The head-on collision between two gas-rich galaxies: Neutral hydrogen debris from the centrally smooth ring galaxy VII Zw 466

We present VLA observations of the distribution and kinematics of the PI I gas in the classical ring galaxy VII Zw 466 and its immediate surroundings. The H I gas corresponding to the bright optical star forming ring exhibits the typical profile of a rotating-expanding ring. The systemic velocity of the galaxy is found to be 14,468 +/- 25 km s(-1). A formal fit to the H I kinematics in the ring is consistent with both ring rotation and expansion (expansion velocity 32 km s(-1)). However, H I in the northeast quadrant of the ring is severely disturbed, showing evidence of tidal interaction. In addition, fingers of H I gas extend from the galaxy to the east in the general direction of the two major companions. We also detect a hydrogen plume from the southern edge-on companion galaxy (G2) pointing toward the ring galaxy. This, and other peculiarities associated with G2 suggest that it is the intruder galaxy which recently collided with VII Zw 466 and formed the ring.
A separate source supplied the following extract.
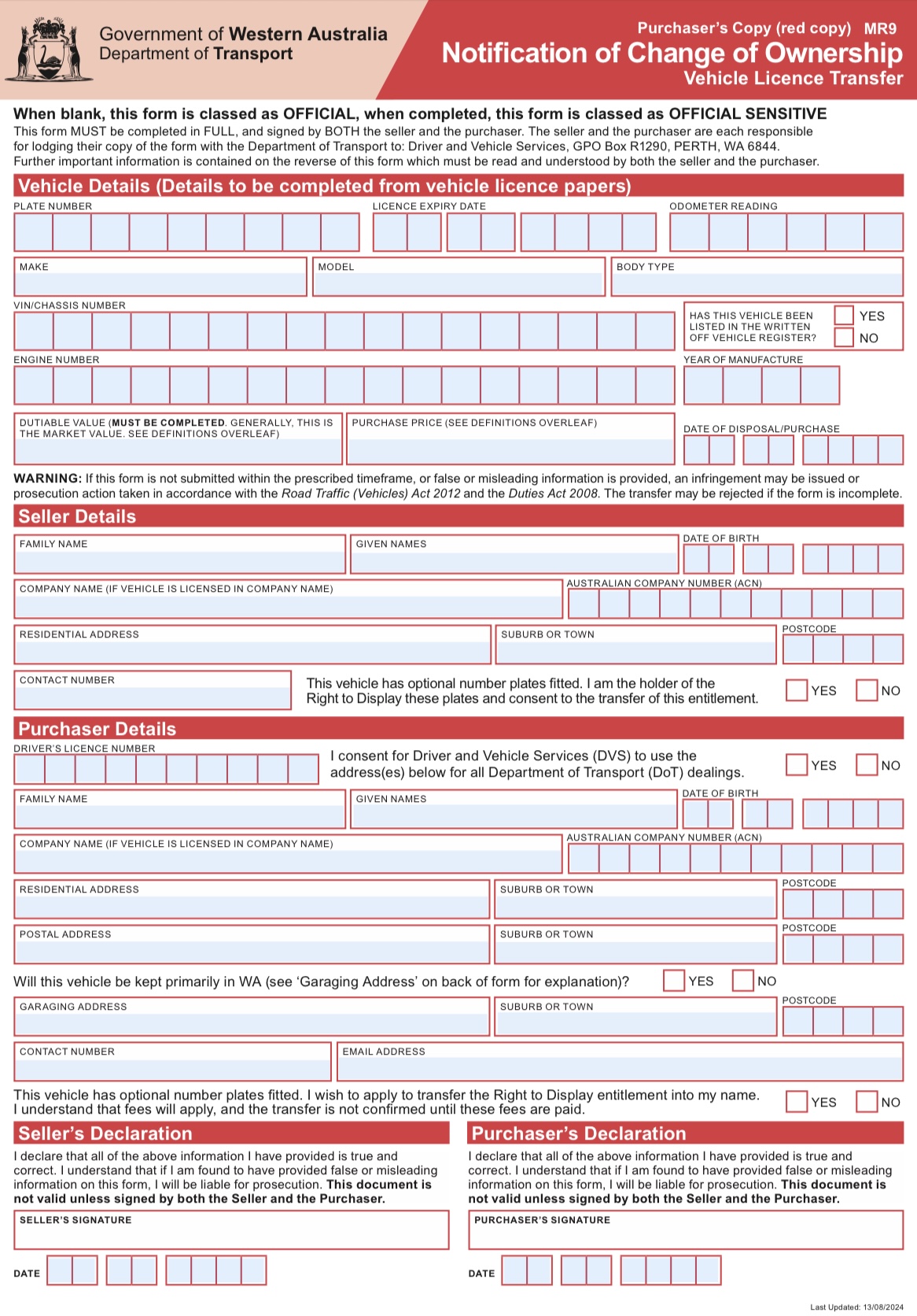 서호주(Western Australia, WA)에서는 중고차를 구매한 이후, 판매자는 7일 이내, 구매자는 14일 이내에 차량 명의이전을 신고해야 합니다. 이 기한을 초과할 경우, 벌금이 부과될 수 있으며, 차량이 여전히 이전 소유자의 명의로 등록된 상태라면 과태료, 범칙금, 심지어 사고 발생 시 법적 책임 문제까지 이어질 수 있습니다.

Numerical hydrodynamic models are presented that show that most of the observed features can be accounted for as a result of the impact splash between two gas disks. The resultant debris is stretched by ring wave motion in the bridge and later forms accretion streams onto the two galaxies. Finally, we detect H I emission from two previously unknown dwarf galaxies located northeast and southeast of VII Zw 466, respectively. This brings the total number of members of the VII Zw 466 group to five. Using the projected mass method, the upper limit of the dynamical mass of the group was estimated to be M(0) = 3.5 x 10(12) M(circle dot), which implies that the mass-to-light ratio of the group is (M/L)(group) approximate to 70. This rather low value of M/L, as compared with other loose groups, suggests the group may be in a state of collapse at the present time. Plunging orbits would naturally lead to an enhanced probability of head-on collisions and ring galaxy formation.